Data items:
↓↓↓
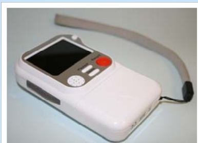
Camera fideo digidol 'Busbi'
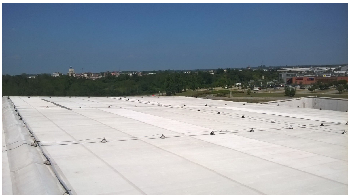
Foto manto cobertura
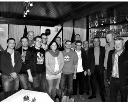
Jahreshauptversammlung FC Altenkunstadt
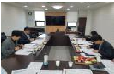
[전시 단체 선정 심사]
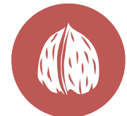
Frutos de cáscara Nuts
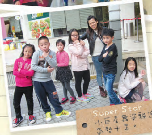
Super Star 小巨星盡享飄逸， 氣勢十足。
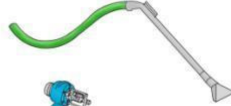
Hidrolik tahrikli pompa
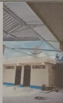
Foto 5: Sustitución de estructura de metal y lámina por estructura de metal y lamina troquelada aluzinc calibre 26
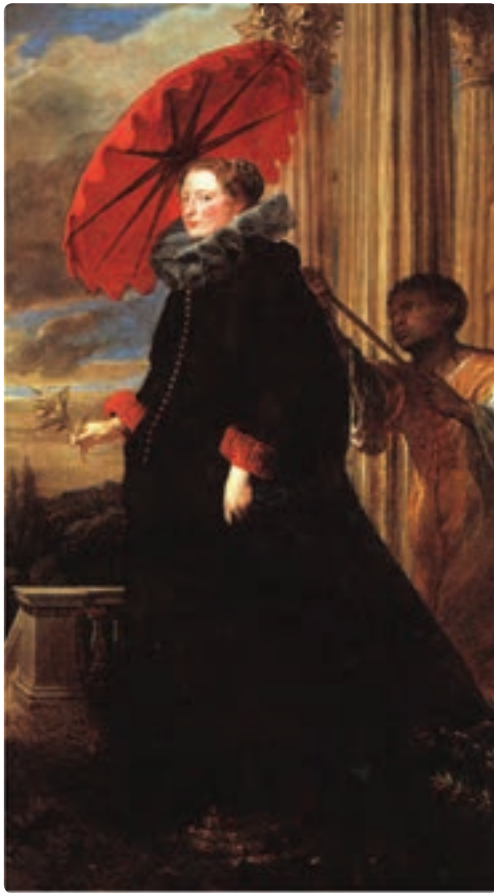
تصویر ۲۰- پرده نقاشی دوره باروک

اشاره به موضوع اصلی توسط یک یا چند عنصر، توجه را مستقیم یا غیر مستقیم به سمت آنها هدایت می کند و تأثیر دلخواه را به سادگی ایجاد می کند. معمولاً عنصر خط بهتر از بقیه عناصر به هدایت چشم کمک می کند. پرتوهای شعاعی، ژرف نمایی (پرسپکتیو)، زاویه دید، جهت حرکت موضوع، اغراق و سمت نگاه و... همه مثال هایی از این نوع هستند (تصویر ۲۳ و ۲۲ و ۲۱-۴).
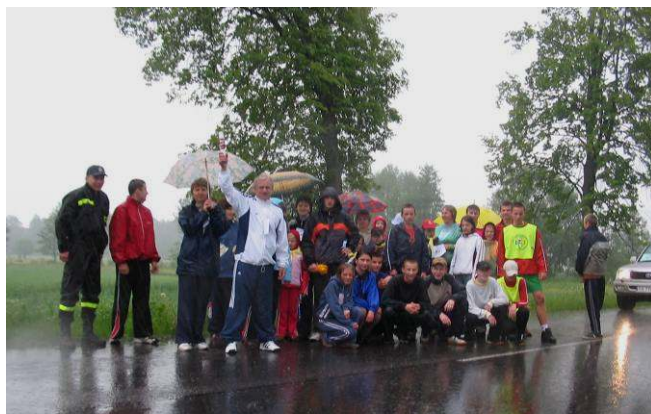
Przekazanie szarfy gminie Rokitno
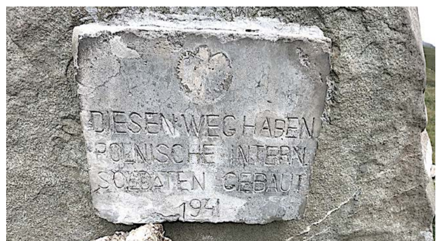
Markierungsstein am Polenweg

Donnerstag, 16. Juli 2026, 14.00 Uhr, Pfarrhaussaal Schwerzenbach
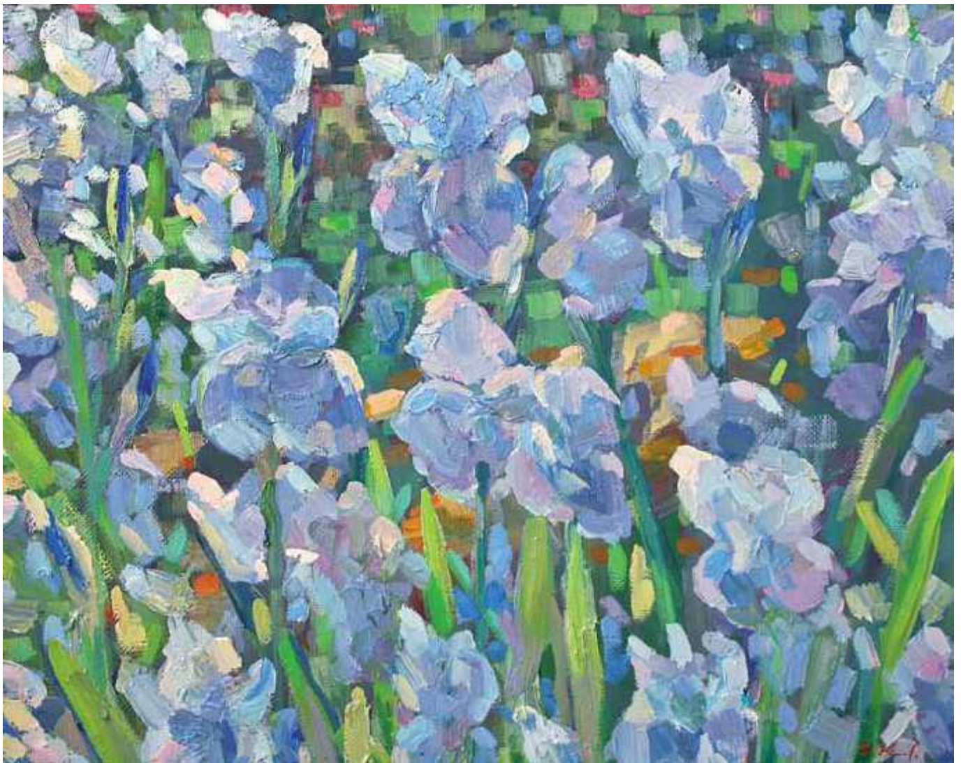
Ирина Ковалевская "Ветреные ирисы"

Автор: Дарья Симакова, Монтре , 04.07.2014.
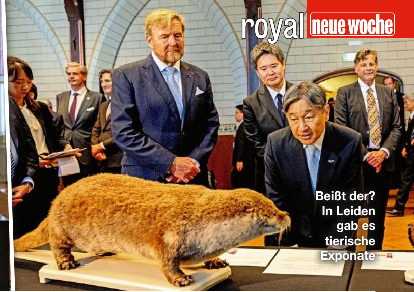
Beißt der? In Leiden gab es tierische Exponate

Ihre Laune steckt an! Königin Máxima der Niederlande
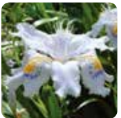
シャガ【射干】 4月中旬～5月中旬
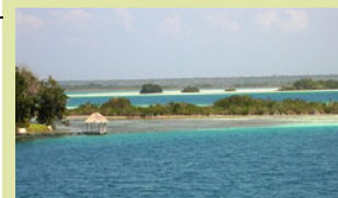
Baden im karibischen Meer

Ende der offiziellen Reise. Für diejenigen, die heute fliegen: Am Morgen evtl. noch Zeit für den Strand und mittags/nachmittags Transfer zum Flughafen, Abflug nach Hause Ü/F im Flugzeug, je nach Flugzeit auch daheim
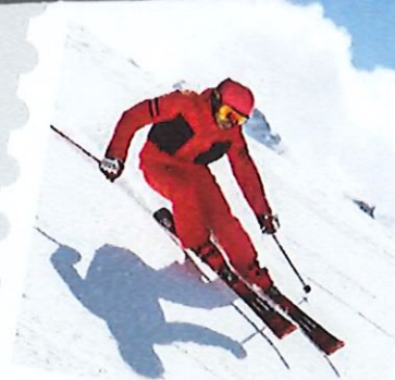
SKI DE PISTE
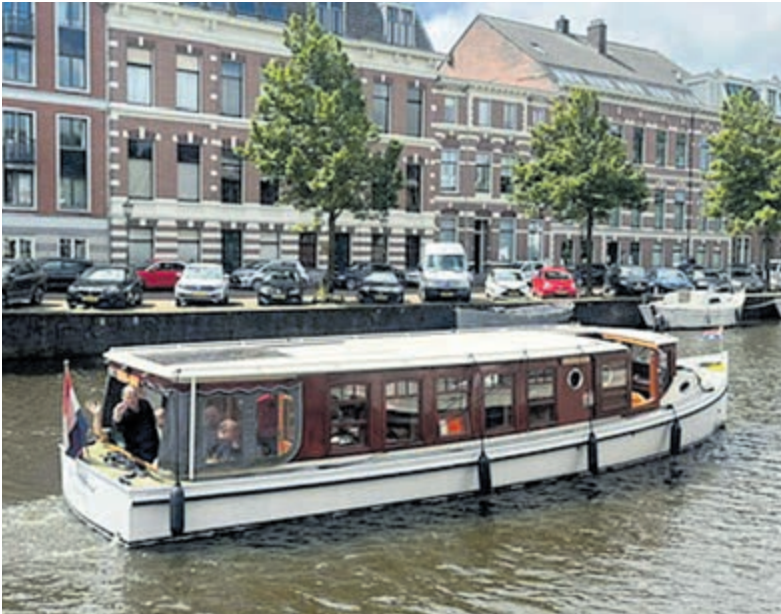
Salonboot 'De Heerlijkheid' van Rederij Haarlem. Foto aangeleverd.
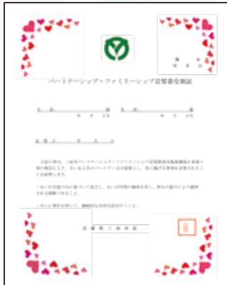
パートナーシップ・ファミリーシップ宣誓書 受領証

社会にはいろいろな個性を持つ人がその個性を活かして生活しています。多様な考え方があればあるほど、選択肢が広がり・深まり、より安心でより快適な暮らしにつながっていくと考えます。年齢・性別・人種・経験・趣味嗜好などの多様な個性をお互いが認め合い、また、場所やシーンによっては誰しも集団の中のマイノリティになる可能性があることを認識するということ、多様性を活かすカギになるのではないのでしょうか。
↑↑↑
Required action: What is needed is an exact copy of the data, with the pictures removed.

Exercise result:
Camera fideo digidol 'Busbi'
Foto manto cobertura
Jahreshauptversammlung FC Altenkunstadt
[전시 단체 선정 심사]
Frutos de cáscara Nuts
Super Star 小巨星盡享飄逸， 氣勢十足。
Hidrolik tahrikli pompa
Foto 5: Sustitución de estructura de metal y lámina por estructura de metal y lamina troquelada aluzinc calibre 26
تصویر ۲۰- پرده نقاشی دوره باروک

اشاره به موضوع اصلی توسط یک یا چند عنصر، توجه را مستقیم یا غیر مستقیم به سمت آنها هدایت می کند و تأثیر دلخواه را به سادگی ایجاد می کند. معمولاً عنصر خط بهتر از بقیه عناصر به هدایت چشم کمک می کند. پرتوهای شعاعی، ژرف نمایی (پرسپکتیو)، زاویه دید، جهت حرکت موضوع، اغراق و سمت نگاه و... همه مثال هایی از این نوع هستند (تصویر ۲۳ و ۲۲ و ۲۱-۴).
Przekazanie szarfy gminie Rokitno
Markierungsstein am Polenweg

Donnerstag, 16. Juli 2026, 14.00 Uhr, Pfarrhaussaal Schwerzenbach
Ирина Ковалевская "Ветреные ирисы"

Автор: Дарья Симакова, Монтре , 04.07.2014.
Beißt der? In Leiden gab es tierische Exponate

Ihre Laune steckt an! Königin Máxima der Niederlande
シャガ【射干】 4月中旬～5月中旬
Baden im karibischen Meer

Ende der offiziellen Reise. Für diejenigen, die heute fliegen: Am Morgen evtl. noch Zeit für den Strand und mittags/nachmittags Transfer zum Flughafen, Abflug nach Hause Ü/F im Flugzeug, je nach Flugzeit auch daheim
SKI DE PISTE
Salonboot 'De Heerlijkheid' van Rederij Haarlem. Foto aangeleverd.
パートナーシップ・ファミリーシップ宣誓書 受領証

社会にはいろいろな個性を持つ人がその個性を活かして生活しています。多様な考え方があればあるほど、選択肢が広がり・深まり、より安心でより快適な暮らしにつながっていくと考えます。年齢・性別・人種・経験・趣味嗜好などの多様な個性をお互いが認め合い、また、場所やシーンによっては誰しも集団の中のマイノリティになる可能性があることを認識するということ、多様性を活かすカギになるのではないのでしょうか。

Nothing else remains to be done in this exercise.